## Required action
Every line from the one containing "Posthorn X+20+X vom" through the end of the listing below goes in the output, exactly and without pictures.

## Study material
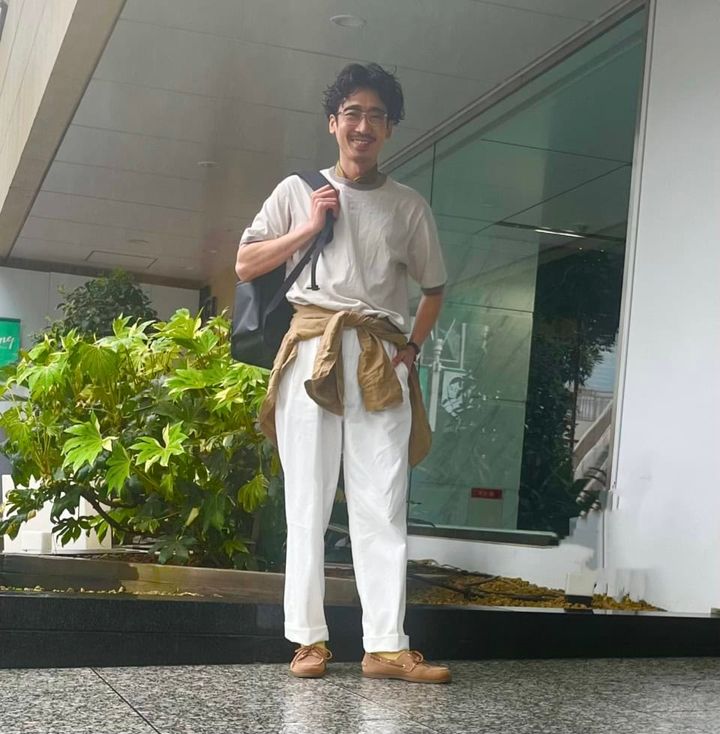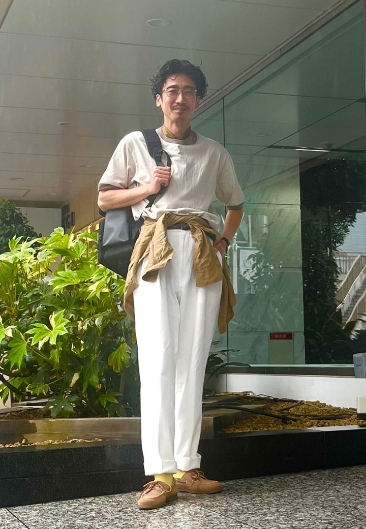 ボトムスはあえて白というのもポイント。「ボトムスもベージュだと重くなってしまうので、初夏感を高めるためにクリーンな白をチョイスしました。ただ、Tシャツがライトベージュだとメリハリのないコーデに見えるので、腰にリネンシャツをプラスしています。じつは腰巻きはかなり優秀で、スタイリングの洒落度をアップさせるだけでなく、体型カバーにもなるのがイイんです。肩かけに飽きたら、ぜひ試してみてください! 」
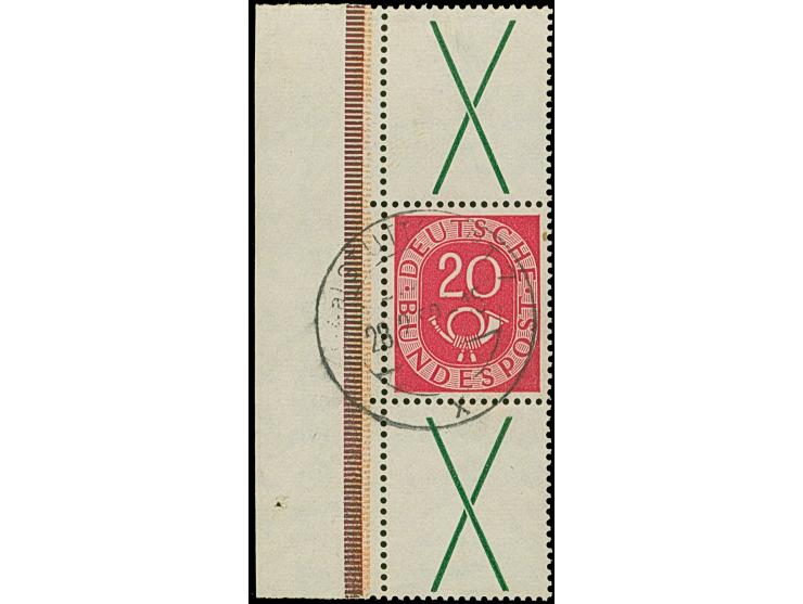 Posthorn X+20+X vom linken Bogenrand, sauber gestempelt "STUTTGART 28.2.52", einwandfrei, Fotoattest A.Schlegel BPP (2024)
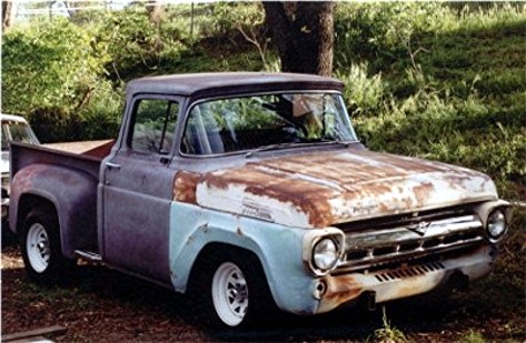 My '57 Effie project's getting so close to the paint shop, thought I'd offer up a Before pic for your photo shop'ing pleasure. This was how I bought 'er in '01, that's the previous owner's driveway. I'm wondering what it'll look like in dark Burgundy with chrome reverse wheels and a Model A-style visor. Can't decide about the visor, but am really tempted. Also, what ideas do you have? OGNC, thanks again for that web link on that radical '57, I keep going back to it.
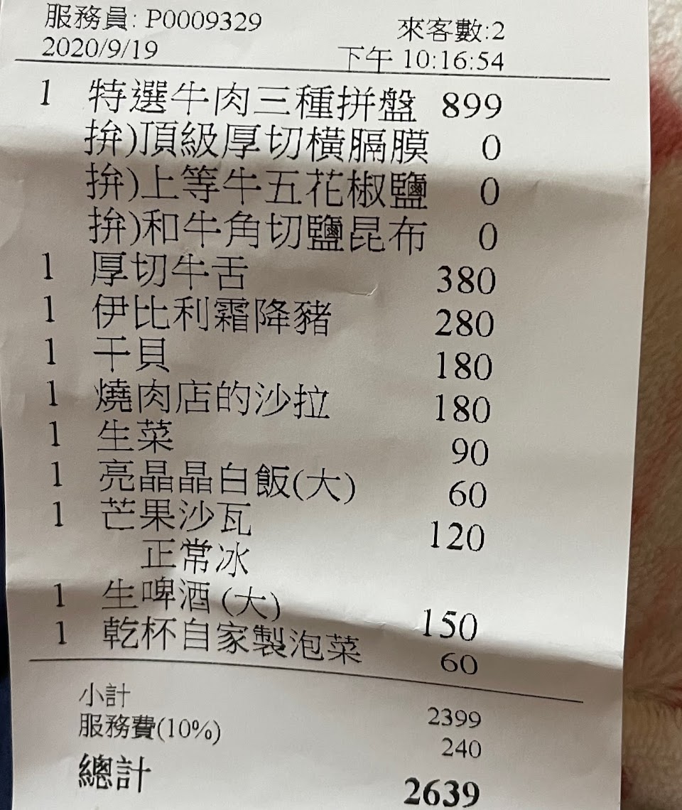 沒事的,這年頭臺北吃燒肉結個帳沒有破萬都不算盤的?
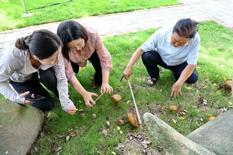 Lin Zhanxi (R) and his daughter Lin Dongmei (C) check a wild fungus in Fuzhou, southeast China's Fujian Province, Aug. 26, 2024. (Xinhua/Lin Shanchuan)
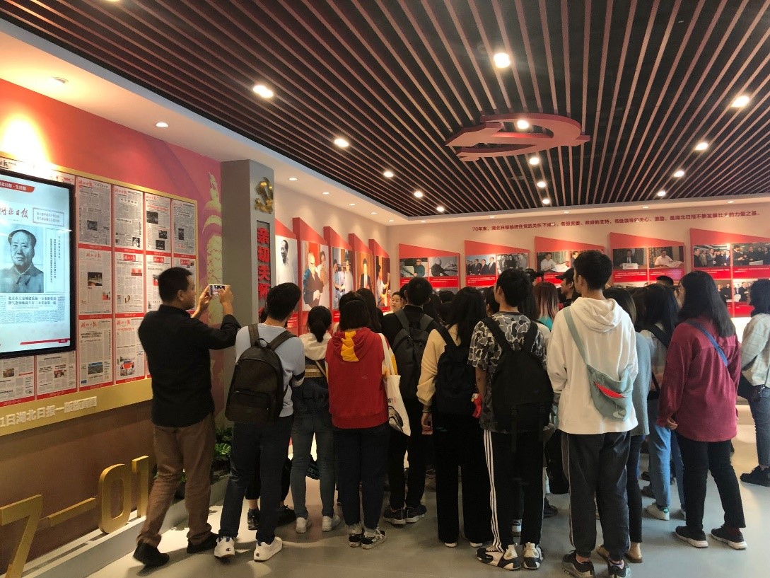 师生们在湖北日报传媒集团社史馆参观

## Written response
 Posthorn X+20+X vom linken Bogenrand, sauber gestempelt "STUTTGART 28.2.52", einwandfrei, Fotoattest A.Schlegel BPP (2024)
 My '57 Effie project's getting so close to the paint shop, thought I'd offer up a Before pic for your photo shop'ing pleasure. This was how I bought 'er in '01, that's the previous owner's driveway. I'm wondering what it'll look like in dark Burgundy with chrome reverse wheels and a Model A-style visor. Can't decide about the visor, but am really tempted. Also, what ideas do you have? OGNC, thanks again for that web link on that radical '57, I keep going back to it.
 沒事的,這年頭臺北吃燒肉結個帳沒有破萬都不算盤的?
 Lin Zhanxi (R) and his daughter Lin Dongmei (C) check a wild fungus in Fuzhou, southeast China's Fujian Province, Aug. 26, 2024. (Xinhua/Lin Shanchuan)
 师生们在湖北日报传媒集团社史馆参观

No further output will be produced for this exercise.